The Leewit was silent for a bit. Then she scowled. “Scared she wouldn’t manage to let go of you. Getting soppy like Maleen.”
“Oh.” That Captain Pausert could understand.
It didn’t make being on the Venture without her any easier, but it did make it a lot better. He found the ship without her an empty place, even if there were more than seventy people on board. But they had to get these other people to air, and that meant the Sheewash Drive.
So they did it, and the inner fire burned in that twisted arrangement of wires directing the klatha energy. It appreciably shortened their journey.
CHAPTER 3
Goth had left Karres before the captain. Without saying proper goodbyes, which she was still kicking herself about, but…
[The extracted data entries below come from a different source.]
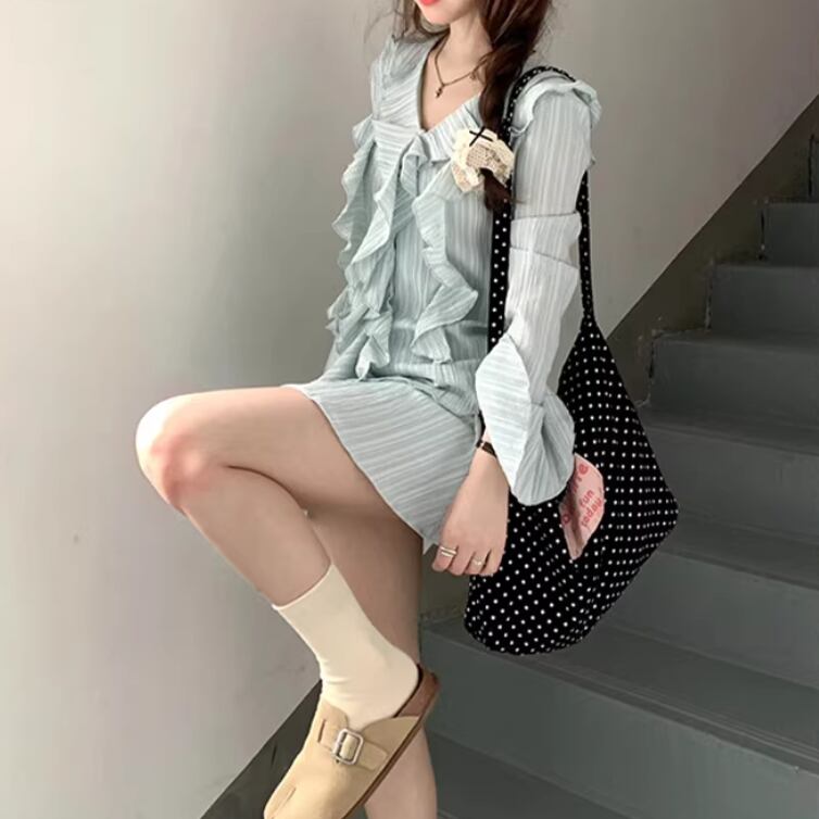 【2点セット】ストライプフライングスリーブシャツ+ハイウエストバルーンミニスカ ・69972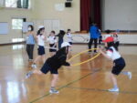 3,4年生が、フラフープを使ってからだつくり運動をしていました。難しい動きでも、しばらくすると、軽やかに動くことができていました。ペアで楽しそうに活動しています。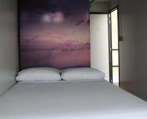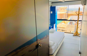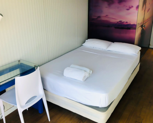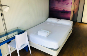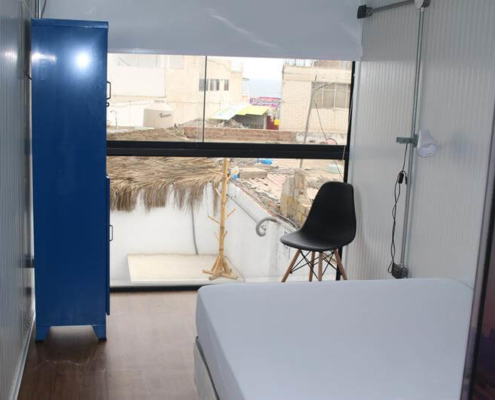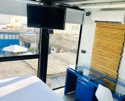 | Cama tipo matrimonial de 2 plazas. Ideal para 2 personas. Cuenta con baño privado, agua caliente, aire acondicionado y WIFI. Habitación en el 2° nivel con vista al mar. |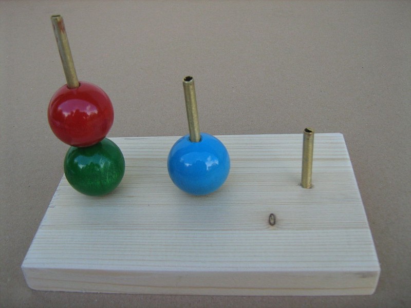 In the Tower of London (ToL) task you are still shifting objects around between three posts subject to some rules, but your goal, the objects, and the rules are a little different. First, let's talk about the goal: In the ToL, I may give you any old arrangement of the three colored balls to create from your starting position - there isn't a single outcome that you're always trying to reach. Instead, I'm interested in how you transform one arrangment into another. Second, how about those posts? The uneven height of the posts means that there is a physical constraint imposed on the moves you can make: You can't just pile up three or even two balls on any post you like! Finally, the rules are a little simpler: You still can't move an object if it has something on top of it, but you can put any object on top of another if you like.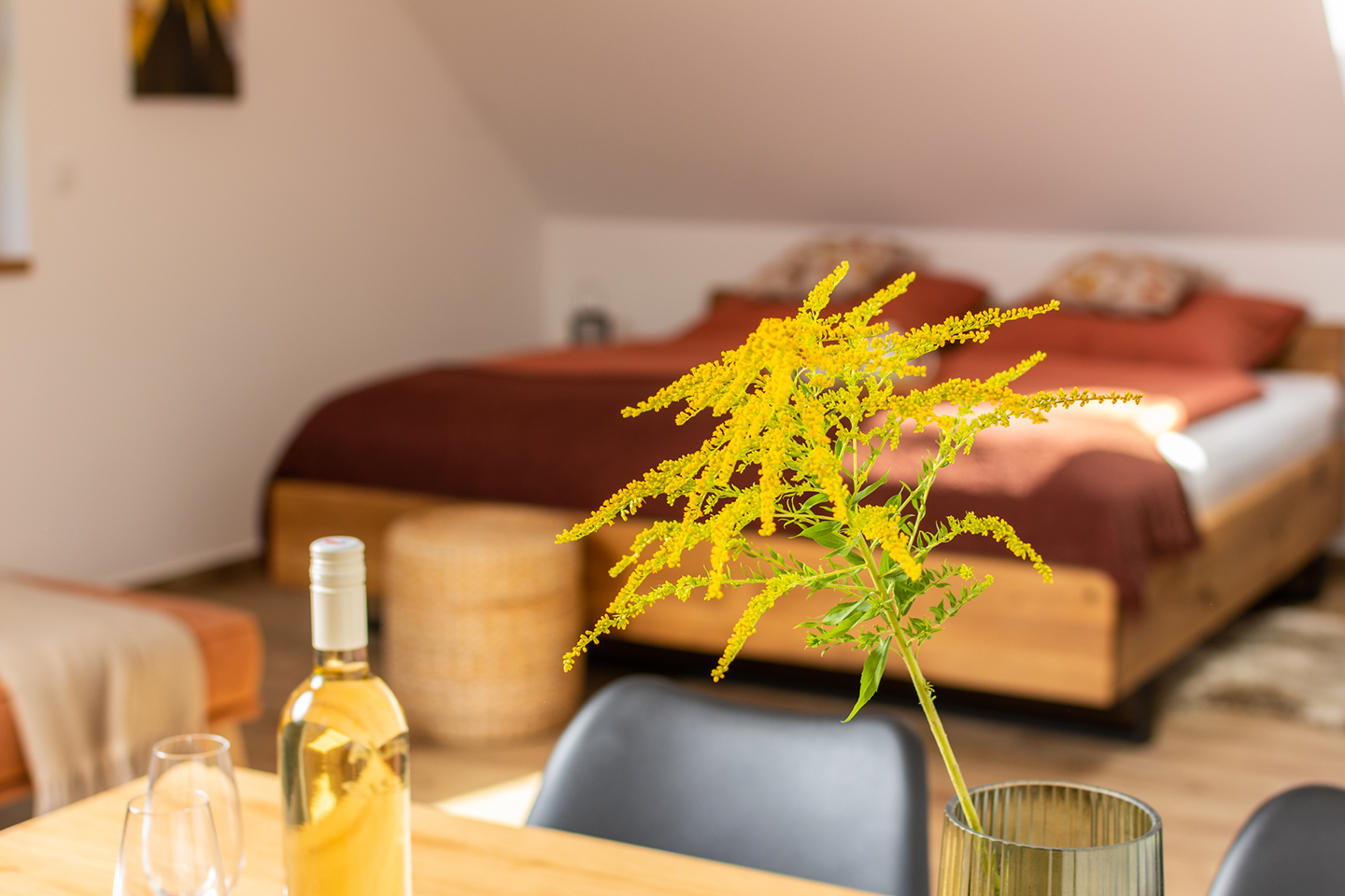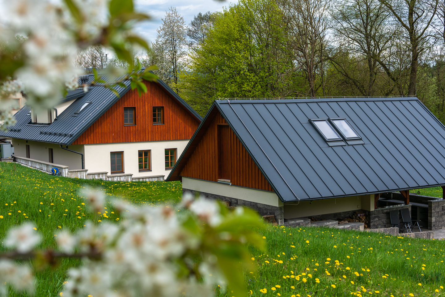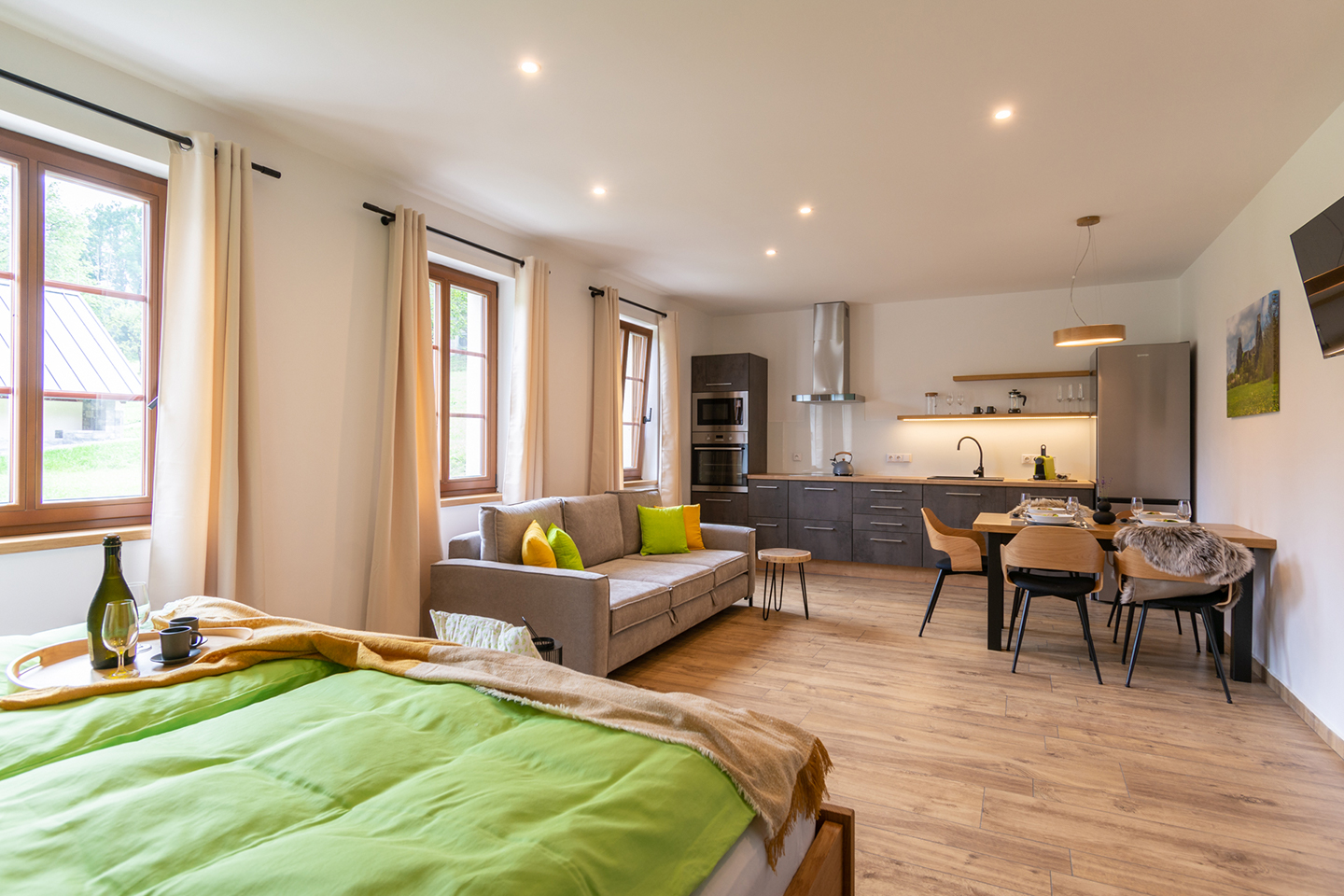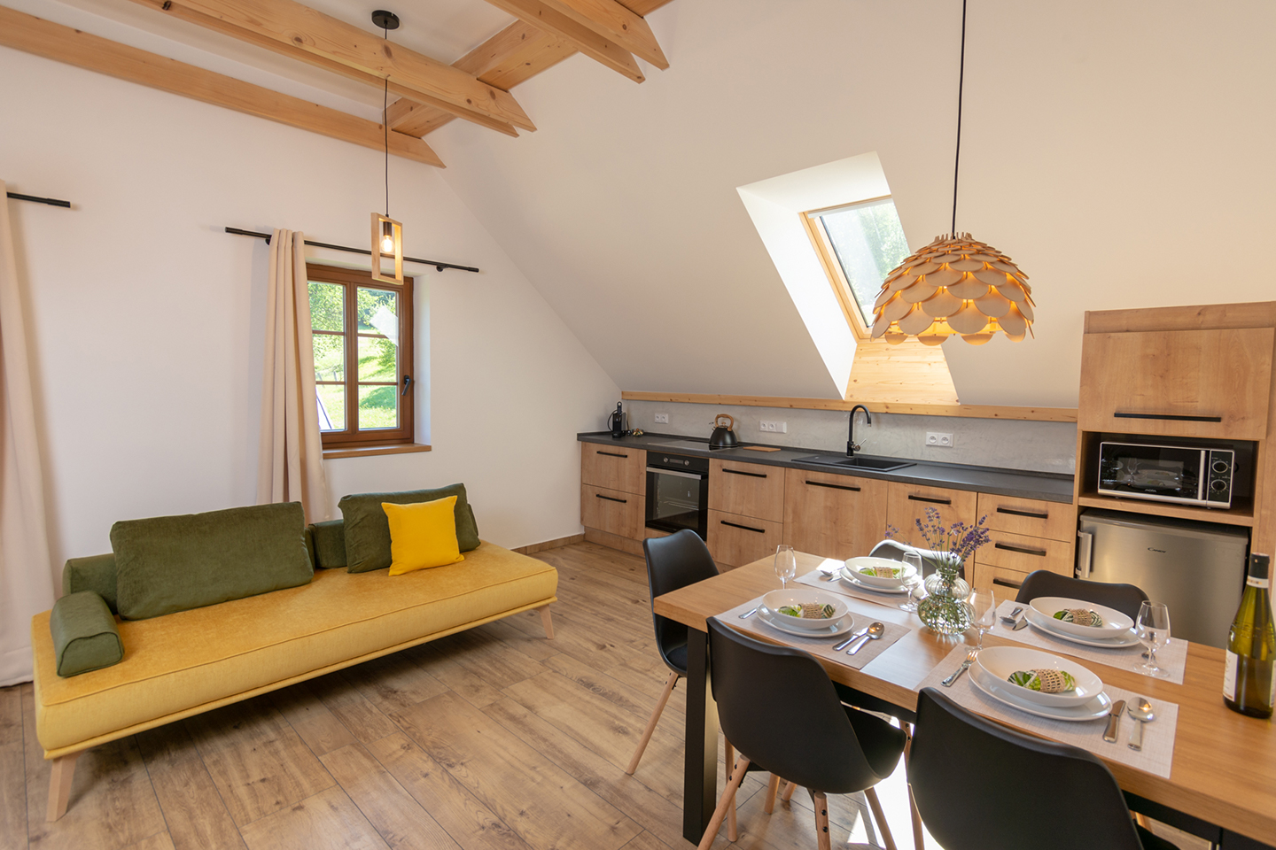 Tři stylové wellness apartmány pro 2–15 osob s privátní vířivkou, moderním nábytkem, plně vybavenou kuchyňkou, vlastním parkováním, Wi‑Fi a krásnou zahradou s posezením a venkovním ohništěm.

She shook herself vigorously. No use being melancholy and miserable about it, even if she was both of those. She’d been taken in one of Karres’ fast two-man ships as far as Parisienne—a world undistinguished for anything much except being inside the Empire, a place of gentle and beautiful warm oceans, and the major producer of sheen fabric. Sheen was harvested from the cocoons of a local sea creature, the squill, which had failed to thrive anywhere else. It was pretty, shimmery, strong and soft. There were plenty of fabrics that filled that brief, but sheen had one other desirable property—it wicked moisture away very effectively. You were never sweaty in sheen. It was very popular on hot worlds. It did have one other, much less popular feature. It didn’t last. The cocoons broke down to release the sea-squill young three hundred and seventeen Parisienne days after it had been secreted. The fabric, even spun, did the same. Every year there was a rush to get the new sheen garments to the markets as fast as possible. Customers liked their cloth as quickly as possible, and prices were determined by the time since harvest. As a result, Parisienne saw a great deal more fast ships than most worlds, so it was a good spot to blend into the traffic to her next destination.